Shop ’til You Drop

I am not a huge online shopper, no matter what colour Friday happens to be. This is probably because I am not much of a shopper and not much of a girly girl, with all the lack of penchant for shoes, bags, perfumes, and magic potions that implies. But I do admit the Interweb does come in handy when trying to find where to buy something at a bricks and mortar location. Let me explain.

Despite my exemplary culinary skills, there are some store-bought items that are very difficult to replicate. Yes, I know there is a website called topsecretrecipes.com that provides a plethora of hacks to mimic your favourite takeout treats, like KFC coleslaw (it’s a winner and thankfully without the shade of green not found in nature), IKEA meatballs (passable, but clearly lacking a secret Swedish ingredient – reindeer perhaps? – possibly left out to ensure the longevity store foot traffic), and Olive Garden breadsticks (never had them – I would never darken the door of an Olive Garden).

Anyhow, I am a big fan of the garlic dill sauce served at St. Louis Wings, a franchise that has many locations in Canada. I could go there and just eat the sauce. I have looked online for garlic dill sauce recipes and have tried a bazillion of them. None measured up to the real thing. However, a while ago St. Louis began bottling the sauce and selling it at the restaurants. I haven’t been to one in a while and the last time I was there I didn’t remember to buy it. So no sauce for me. Except somehow I recently found out they sell it at Walmart.

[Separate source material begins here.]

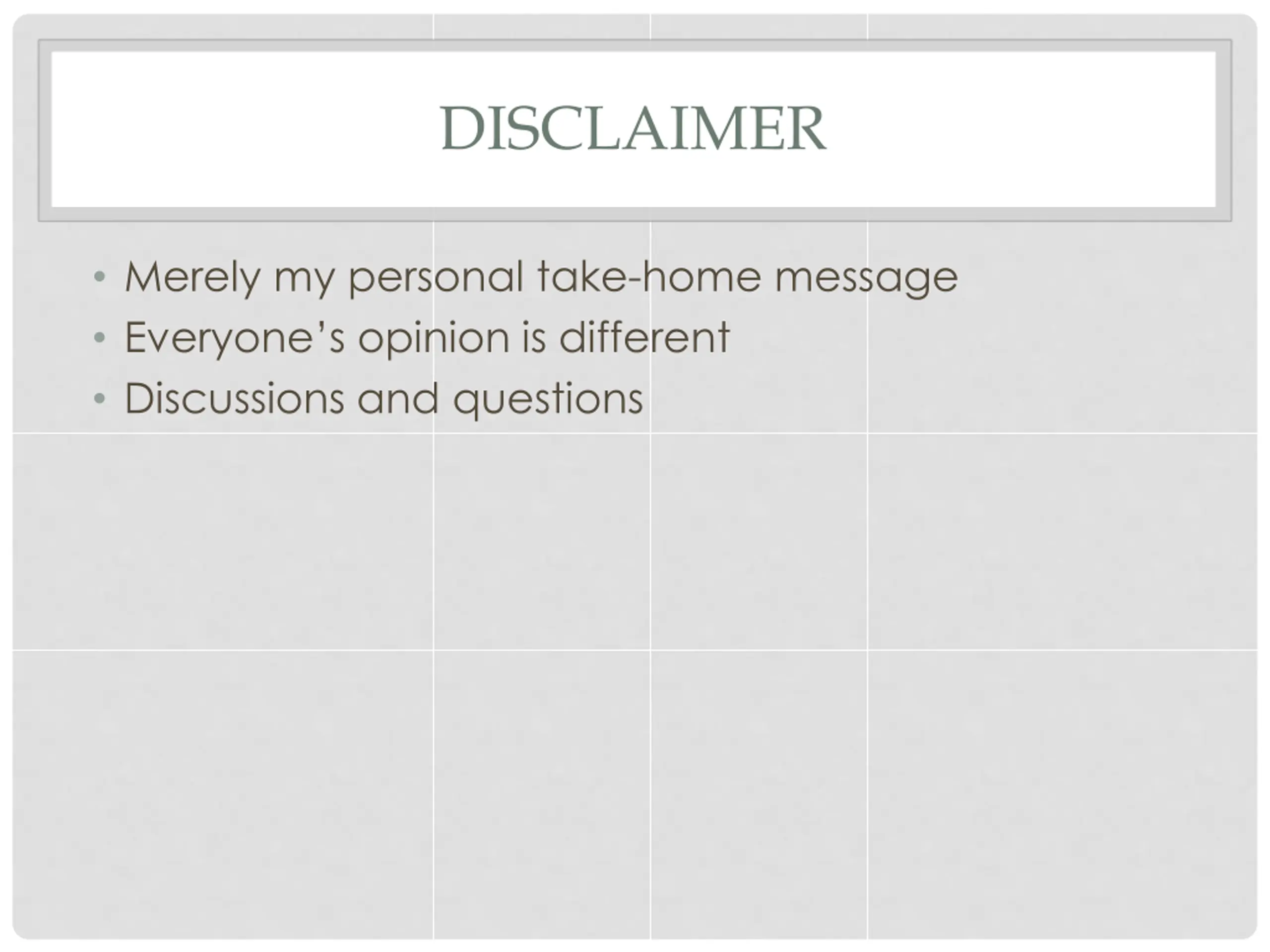 DISCLAIMER Merely my personal take-home message Everyone s opinion is different Discussions and questions
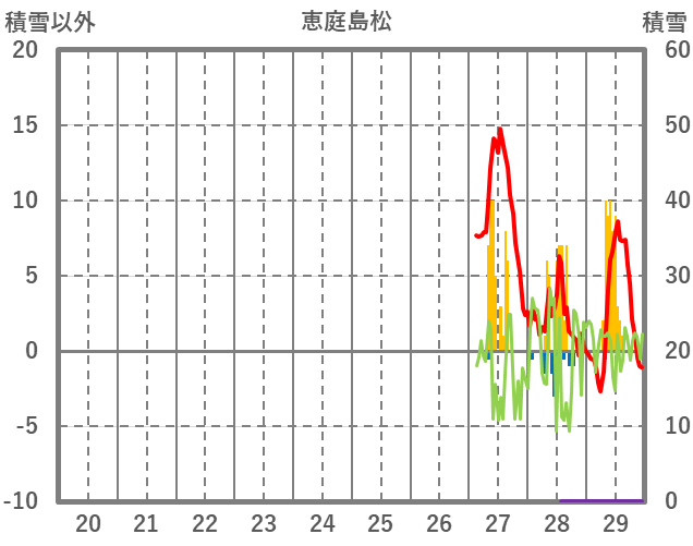 | 日 | 時 | 気温 | 降水 | 風向/風速 | 日照 | 積雪 | 降雪 |

Another confession. I do not frequent Walmart for all the reasons you might think. But I thought maybe I could make an exception for dill sauce. In order to reduce the chance of a fruitless visit to Walmart, which would be doubly egregious, I decided to check online to see if there was actually any product in my local store. Good thing I did. Alas, St. Louis sauce was out of stock. Or maybe it was never in stock. Regardless, still no sauce for me. But Walmart, in an effort not to disappoint, asked me to consider these items instead:

  • Kendall 24” utility storage cabinet. Perhaps Mr. Walmart was suggesting, the next time I have the opportunity, to corner the market on dill sauce and store it in my new utility cabinet.
  • Hello Bello night time bubble bath. Likely an attempt to distract me from the lack of dill sauce by having a nice warm bath instead.
  • MAM pacifier clips. I am not really sure what a pacifier clip is, but I’m guessing it might be a thing that holds a pacifier. Likely Mr. Walmart is suggesting that if I had a pacifier available at all times, it would occupy my mouth and make it impossible to eat dill sauce.
  • Prestone antifreeze. This one has no feasible explanation.

To add insult to this injury, the internet now torments me with Walmart ads for nonexistent St. Louis sauce. I guess the only way to stop this is to search for some other products, like Lamborghinis or Gulfstream jets. I’ll still be stalked by ads but at least it will improve my shopping image in the mind of the internet. Surely something we should all aspire to.